• DATA

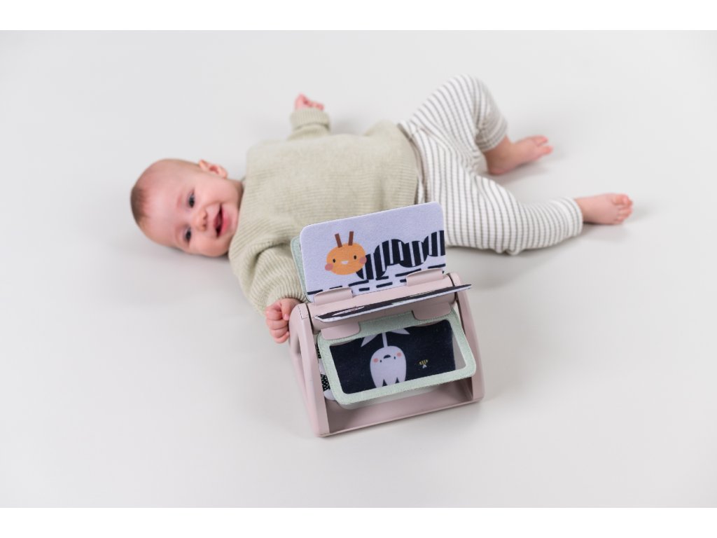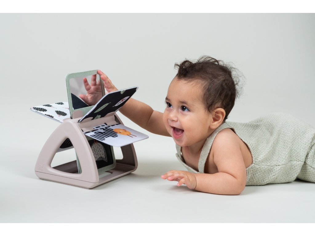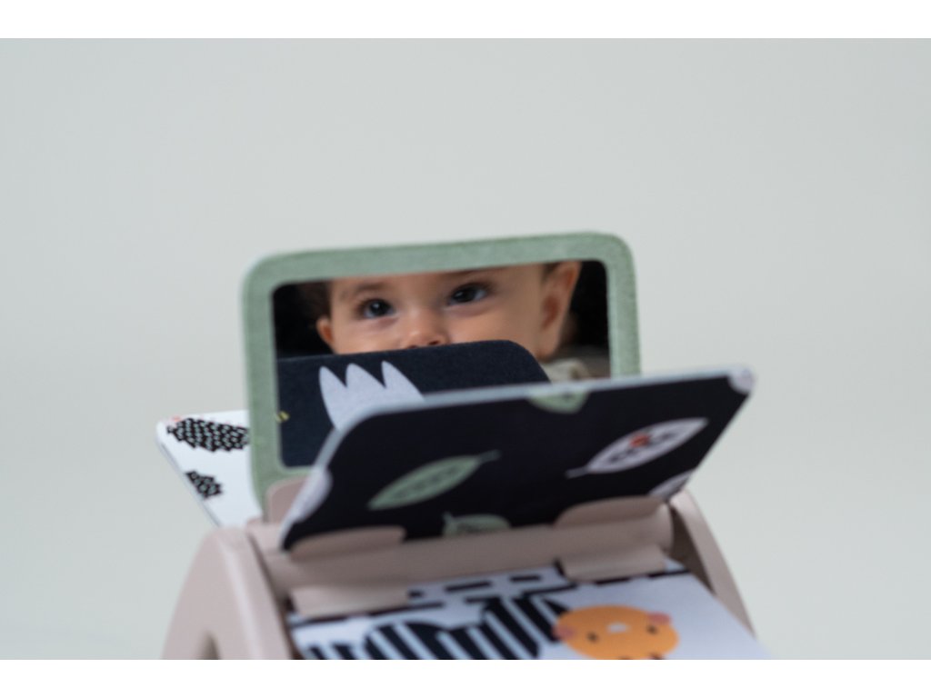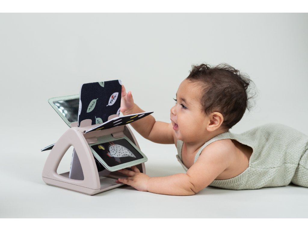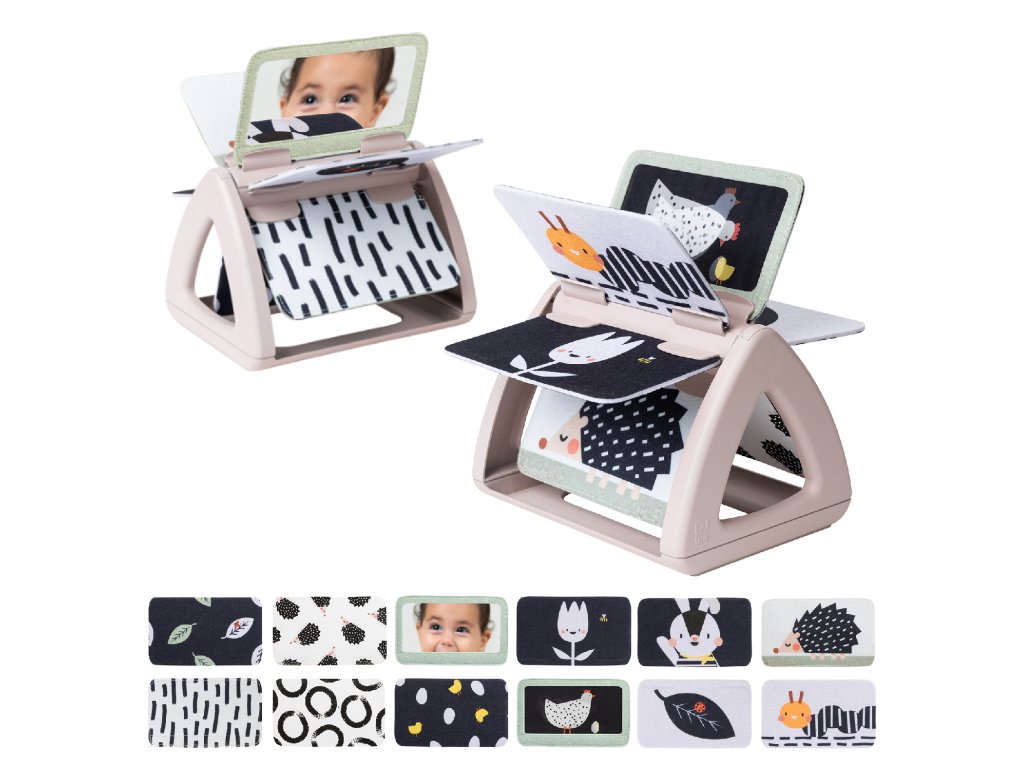 Dětská hračka otočná knížka Taf Toys Black & White - originální otočná knížka s krásnými ilustracemi motivů z přírody nabízí různé typy obrázků pro tři vývojová stádia dítěte: 0-2 měsíce: vysoce kontrastní, černobílé jednoduché obrázky, které podněcují rozvoj smyslů a emoční inteligence dítěte. Od 2 měsíců: výrazné obrázky, bezpečné zrcátko, hologramový třpytivý obrázek a chrasticí zvuk při otáčení jednotlivých stránek upoutají pozornost dítěte při hře na bříšku Od 6 měsíců si dítě dokáže samo vsedě otáčet a prohlížet obrázky, o kterých si můžete společně povídat Rozměry: 19 x 14,50 x 22 cm Vhodné pro děti od narození.Doplňkové parametry
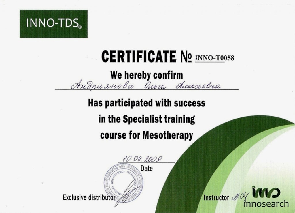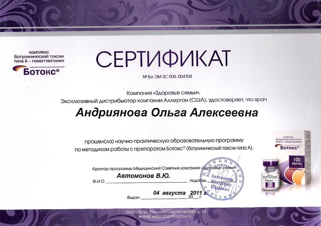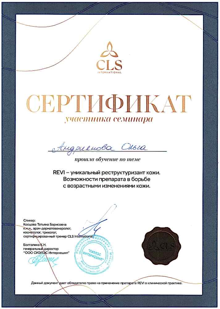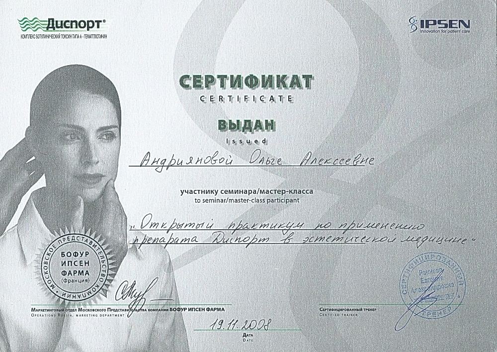 Сертификат по дерматовенерологии: Pin-Up действия до 05.08.2027.
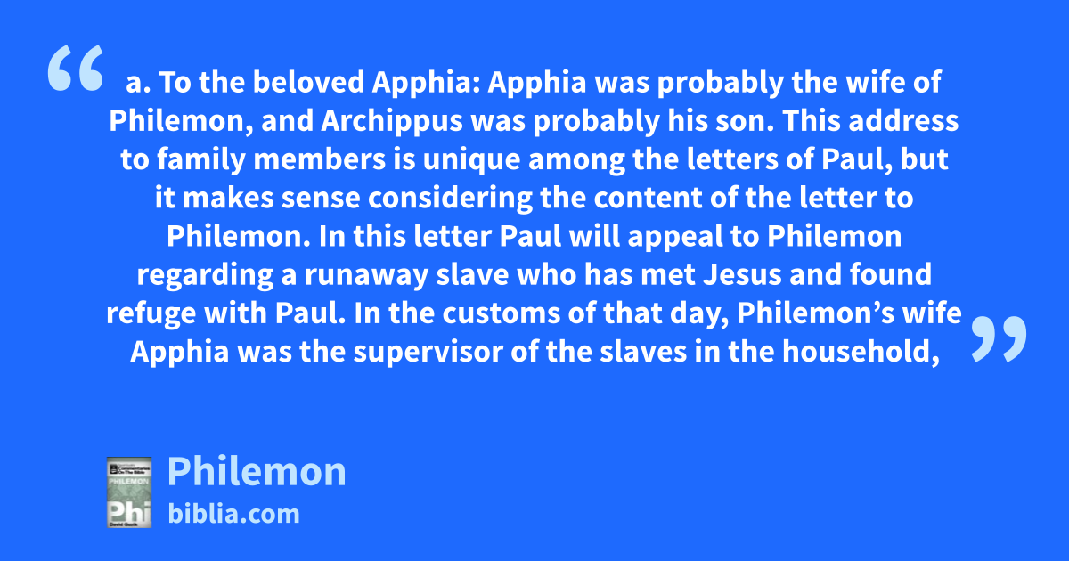 a. To the beloved Apphia: Apphia was probably the wife of Philemon, and Archippus was probably his son. This address to family members is unique among the letters of Paul, but it makes sense considering the content of the letter to Philemon. In this letter Paul will appeal to Philemon regarding a runaway slave who has met Jesus and found refuge with Paul. In the customs of that day, Philemon’s wife Apphia was the supervisor of the slaves in the household,
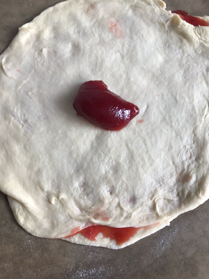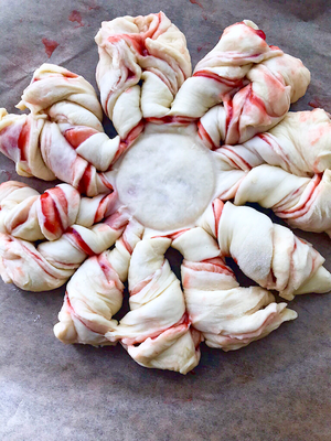 Nun also erst den schwersten Teil auf einer bemehlten Fläche ausrollen.

• TASK
Would you retype each line above exactly and skip every image?

• FINISHED TASK
 Dětská hračka otočná knížka Taf Toys Black & White - originální otočná knížka s krásnými ilustracemi motivů z přírody nabízí různé typy obrázků pro tři vývojová stádia dítěte: 0-2 měsíce: vysoce kontrastní, černobílé jednoduché obrázky, které podněcují rozvoj smyslů a emoční inteligence dítěte. Od 2 měsíců: výrazné obrázky, bezpečné zrcátko, hologramový třpytivý obrázek a chrasticí zvuk při otáčení jednotlivých stránek upoutají pozornost dítěte při hře na bříšku Od 6 měsíců si dítě dokáže samo vsedě otáčet a prohlížet obrázky, o kterých si můžete společně povídat Rozměry: 19 x 14,50 x 22 cm Vhodné pro děti od narození.Doplňkové parametry
 Сертификат по дерматовенерологии: Pin-Up действия до 05.08.2027.
 a. To the beloved Apphia: Apphia was probably the wife of Philemon, and Archippus was probably his son. This address to family members is unique among the letters of Paul, but it makes sense considering the content of the letter to Philemon. In this letter Paul will appeal to Philemon regarding a runaway slave who has met Jesus and found refuge with Paul. In the customs of that day, Philemon’s wife Apphia was the supervisor of the slaves in the household,
 Nun also erst den schwersten Teil auf einer bemehlten Fläche ausrollen.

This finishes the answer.